Consider, as an example, the potential implications of the progress being made in terms of computer-based artificial intelligence, together with advances in our understanding of the molecular and cellular connection networks that underlie human consciousness and self-consciousness. It is a small step to conclude, implicitly or explicitly, that humans (and all other organisms with a nervous system) are “just” wet machines that can (and perhaps should) be controlled and manipulated. The premise, the “self-evident truth”, that humans should be valued in and of themselves, and that their rights should be respected (2) is eroded by the ability of machines to perform what were previously thought to be exclusively human behaviors. 

Humans and their societies have, after all, been around for only a few tens of thousands of years.  During this time, human social organizations have passed from small wandering bands influenced by evolutionary kin and group selection processes to produce various social systems, ranging from more or less functional democracies, pseudo-democracies (including our own growing plutocracy), dictatorships, some religion-based, and totalitarian police states.  Whether humans have a long term future (compared to the millions of years that dinosaurs dominated life on Earth) remains to be seen – although we can be reasonably sure that the Earth, and many of its non-human inhabitants, will continue to exist and evolve for millions to billions of years, at least until the Sun explodes. 

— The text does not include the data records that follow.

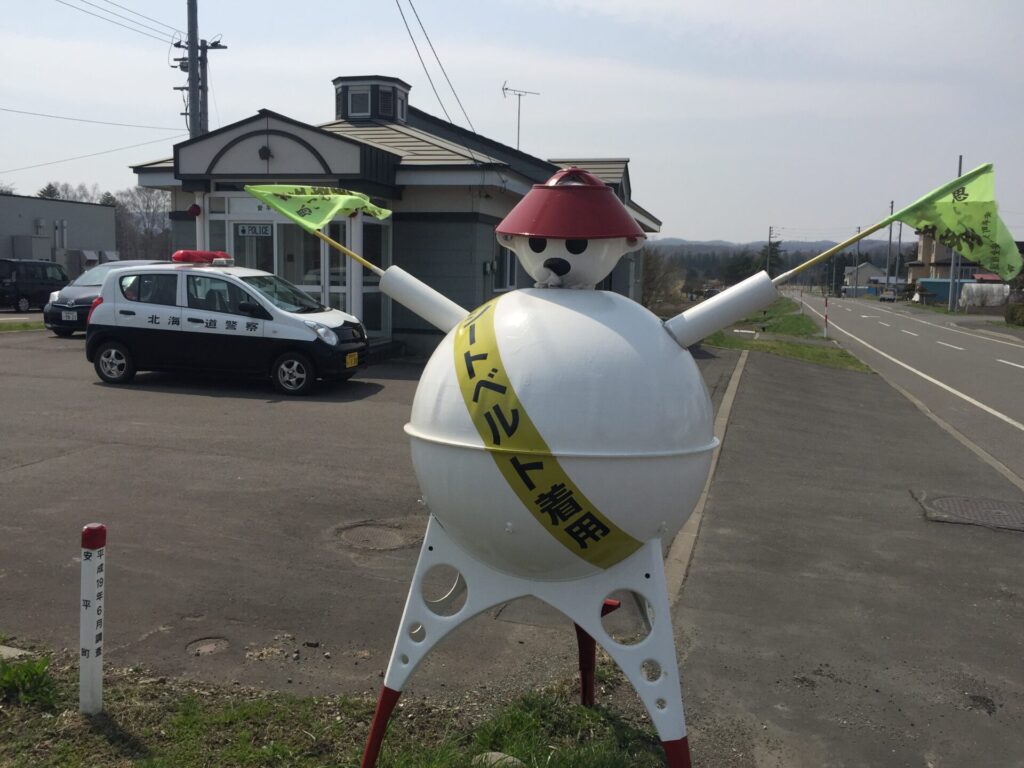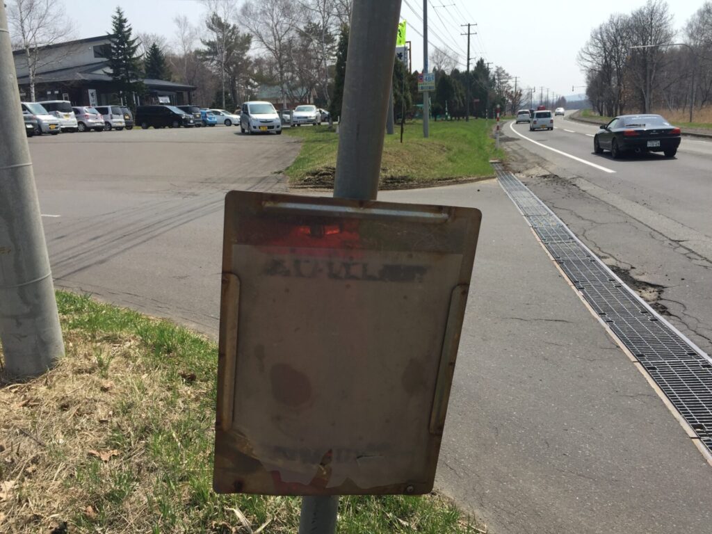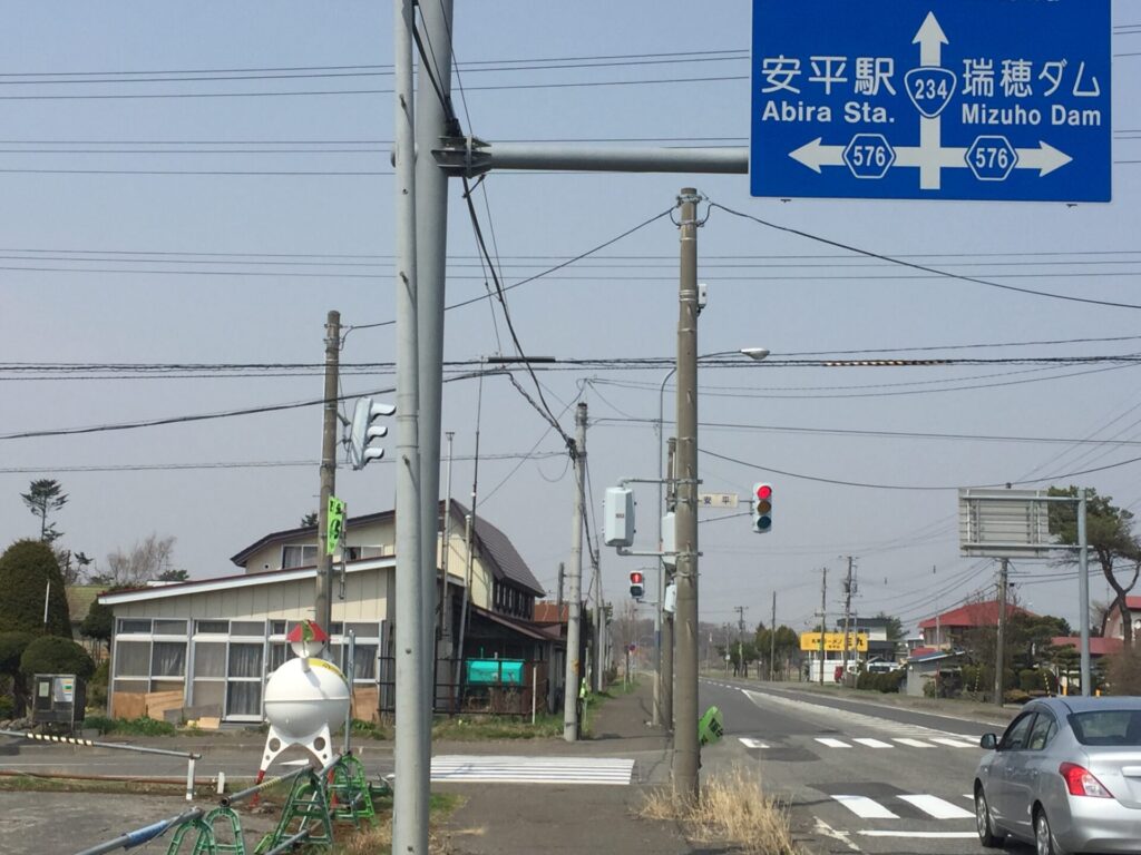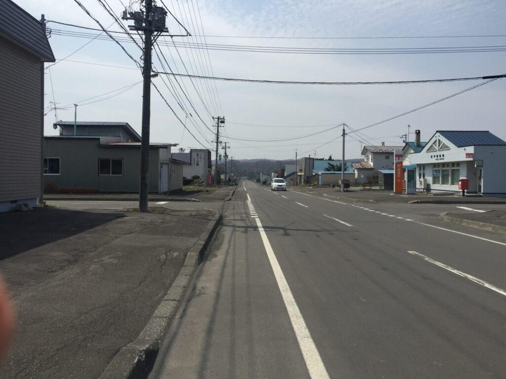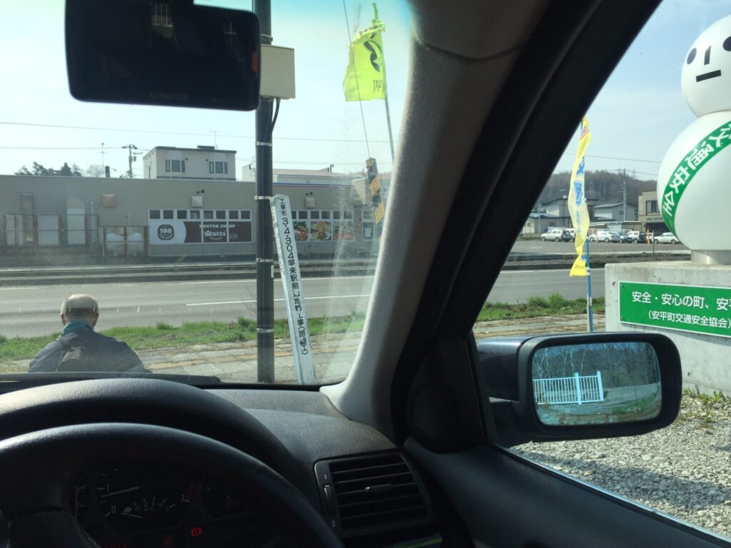 ▼早来駅前に車を止めた瞬間にじいさんが縁石に腰掛けた。全く気づいていない。(笑う)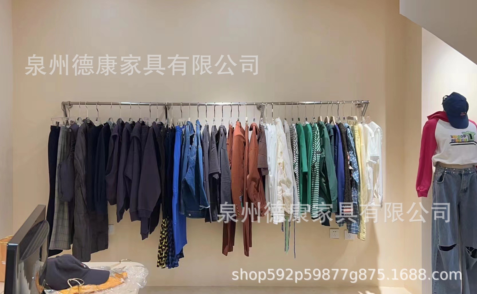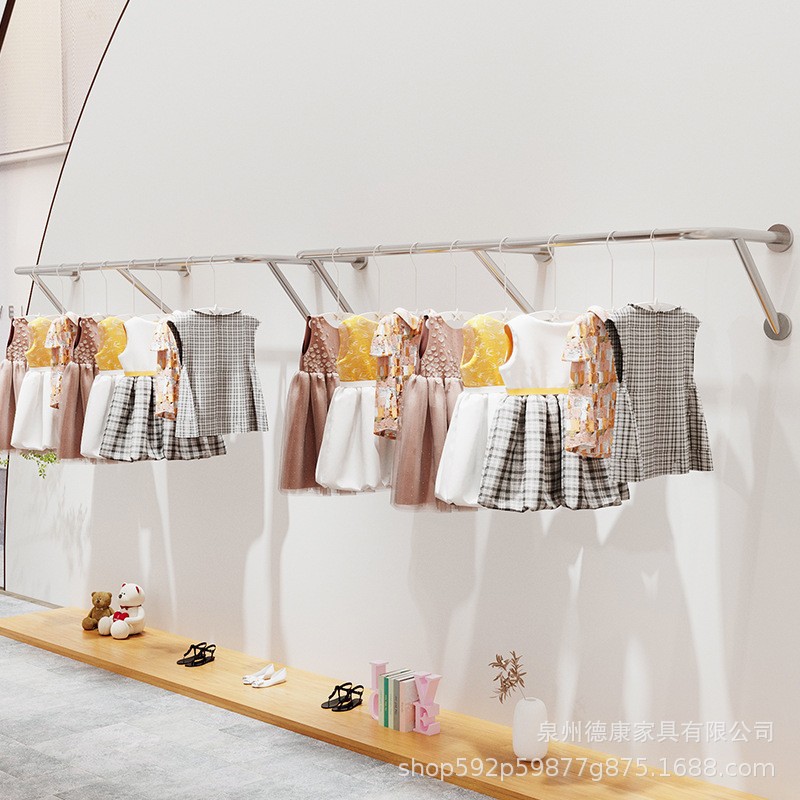 의류 매장 디스플레이 랙 벽 걸이 여성 의류 매장 측면 교수형 의류 랙 어린이 의류 벽걸이 선반 벽걸이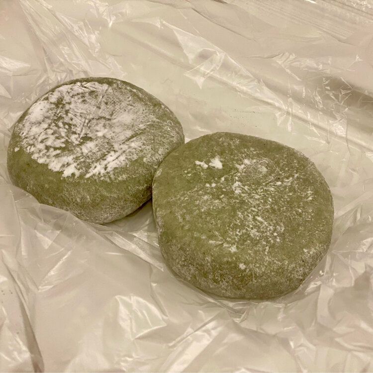 ヨモギ餅に特製餡を包んだ「焼きもち」もよく買ってきます。焼かなくても大福みたいで、焼くと香ばしくて美味しいです。(5枚目)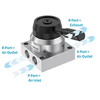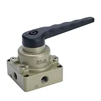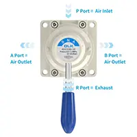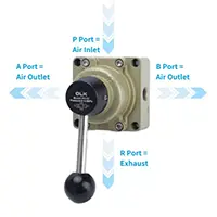 Ouleikai (OLK) HV200A/B Valvele cu două porturi cu două porturi sunt acționate manual, cu comutarea traseului de aer obținută prin rotirea mânerului supapei. Sunt ușor de operat și intuitive, necesitând o alimentare suplimentară de energie. Supapa port HV200B 2/4 are un amortizor încorporat în portul de evacuare de jos.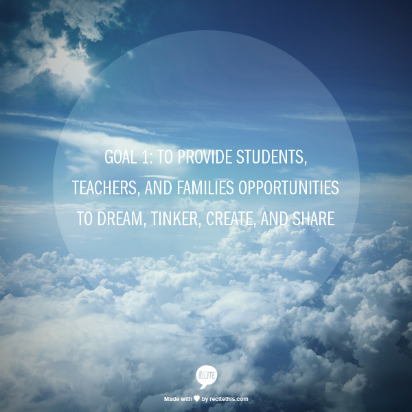 1. To provide students, teachers, and families opportunities to dream, tinker, create, and share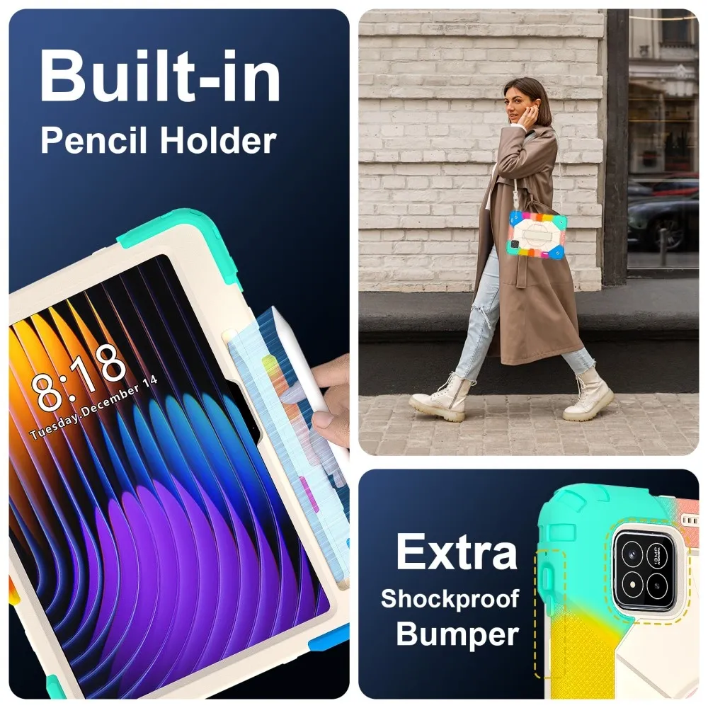 Színes, tartós pántos tok kéztartóval és vállpánttal a Xiaomi Pad 7/7 Pro készülékhez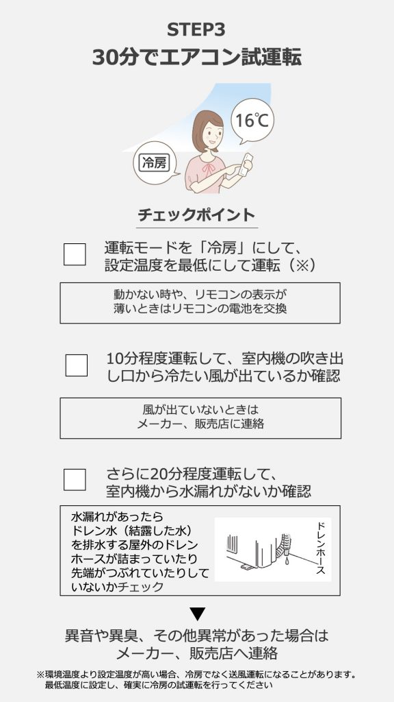 おかしなところがある場合は、6月中頃までに対応を。7月1日以降はエアコンが売れ始める=電気工事業者の手が空いていない時期に差し掛かりますので、対応が遅れることもあります。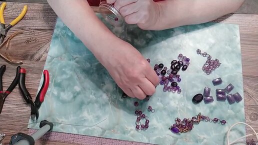 Многорядный браслет на мемори проволоке - проволока с памятью.В фиолетовых тонах.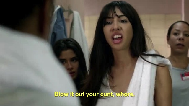 So Gloria and her girls head to the bathroom in B-Block and are met with immediate resistance from Taystee and Black Cindy and basically everybody. Gloria says nobody gets breakfast until her crew freshens up. Then Vee emerges from the swampy hellscape where she ingests whatever sour poison replaces the blood in her veins to inform Gloria that her “girls” are “not inclined to offer special privileges.” What does that even mean.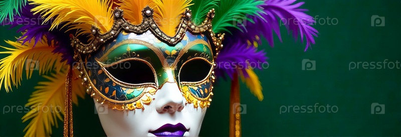 Маска с разноцветными перьями и золотыми украшениями, таинственное искусство карнавала Марди Гра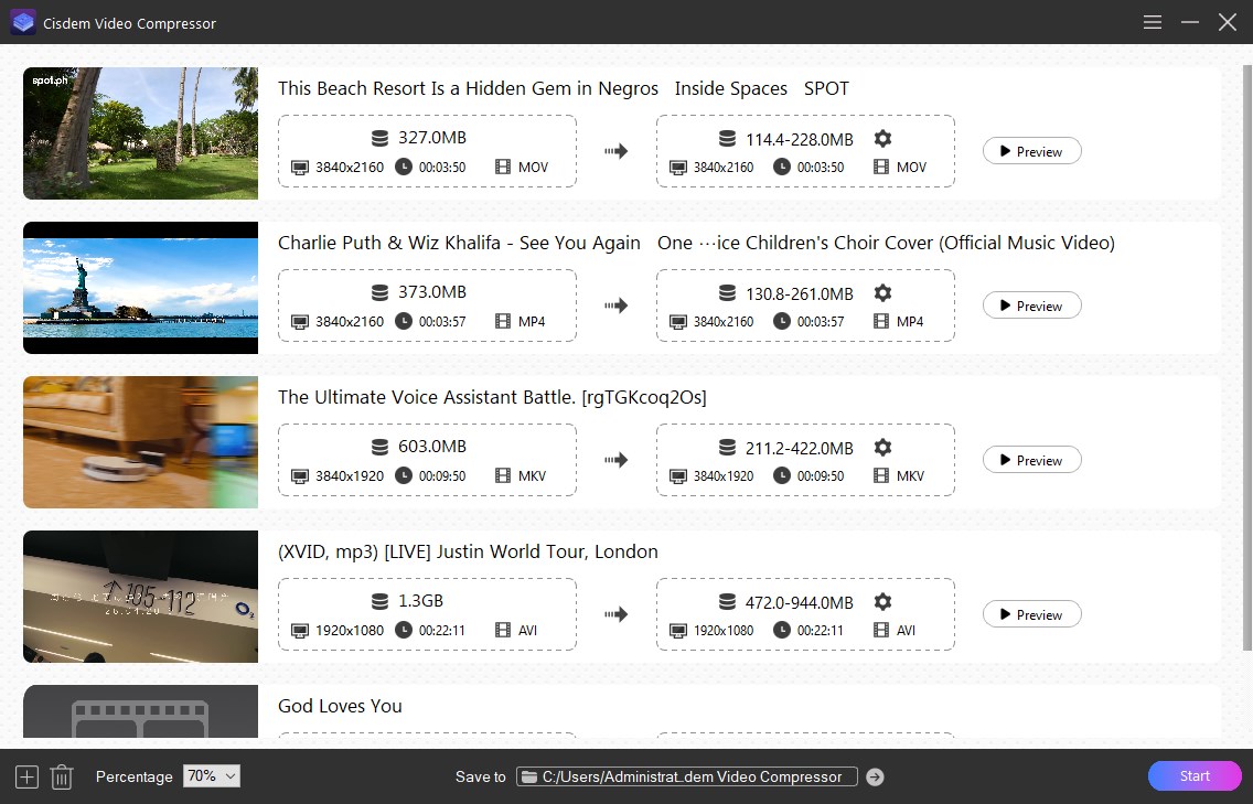 Click “Start” to make multiple video and audio files smaller in batches with lightning speed.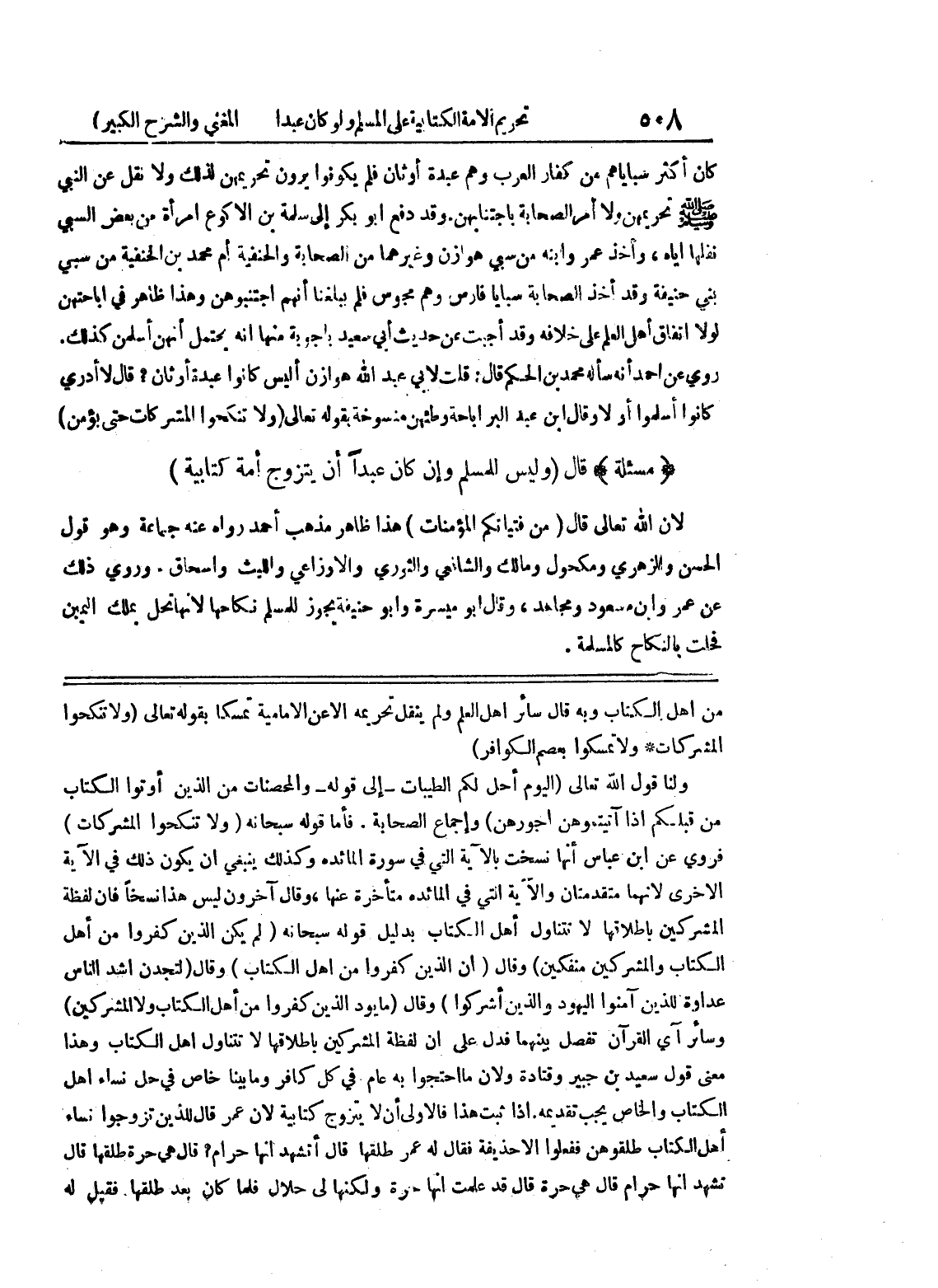 فأما قول سبحانه (ولا تنكحوا المشركات) فروي عن ابن عباس أنها نسخت بالآية التي في سورة المائدة وكذلك ينبغي أن يكون ذلك في الآية الأخرى لأنهما متقدمتان والآية التي في المائدة متأخرة عنها، وقال آخرون ليس هذا نسخاً فإن لفظة المشركين بإطلاقها لا تتناول أهل الكتاب بدليل قوله سبحانه (لم يكن الذين كفروا من أهل الكتاب والمشركين منفكين) وقال (إن الذين كفروا من أهل الكتاب) وقال (لتجدن أشد الناس عداوة للذين آمنوا اليهود والذين أشركوا) وقال (ما يود الذين كفروا من أهل الكتاب ولا المشركين) وسائر آي القرآن تفصل بينهما فدل على أن لفظة المشركين بإطلاقها لا تتناول أهل الكتاب وهذا معنى قول سعيد بن جبير وقتادة ولأن ما احتجوا به عام في كل كافر وما بينا خاص في حل نساء أهل الكتاب والخاص يجب تقديمه إذا ثبت هذا فالأولى أن لا يتزوج كتابية لأن عمر قال للذين تزوجوا نساء أهل الكتاب طلقوهن ففعلوا إلا حذيفة فقال له عمر طلقها قال أتشهد أنها حرام؟ قال هي حرة طلقها قال تشهد أنها حرام قال هي حرة قال قد علمت أنها حرة ولكنها لي حلال فلما كان بعد طلقها فقيل له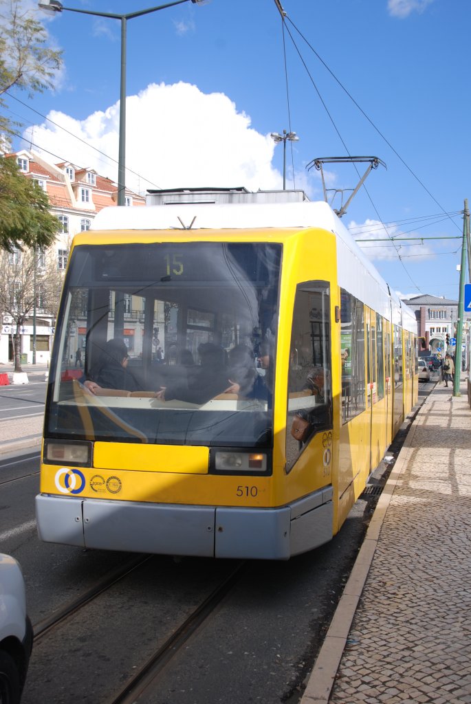 LISBOA (Distrikt Lisboa), 19.02.2010, Straßenbahnlinie 15 in Richtung Praça da Figueira in der Haltestelle Cais do Sodré

So how do we teach scientific conclusions and their empirical foundations, which combine to argue that science represents how the world really works, without upsetting the most religiously and politically fanatical among us?  Those who most vehemently reject scientific thinking because they are the most threatened by its apparently unavoidable implications. The answer is open to debate, but to my mind it involves teaching students (and encouraging the public) to distinguish empirically-based, and so inherently limited observations and the logical, coherent, and testable scientific models they give rise to from unquestionable TRUTH- and revelation-based belief systems. Perhaps we need to focus explicitly on the value of science rather than its “Truth”. To reinforce what science is ultimately for; what justifies society’s support for it, namely to help reduce human suffering and (where it makes sense) to enhance the human experience, goals anchored in the perhaps logically unjustifiable, but nevertheless essential acceptance of the inherent value of each person.   

  1. Apologies to “Good Omens”
  2. For example, “We hold these truths to be self-evident, that all men are created equal, that they are endowed by their creator with certain unalienable rights, that among these are life, liberty and the pursuit of happiness.”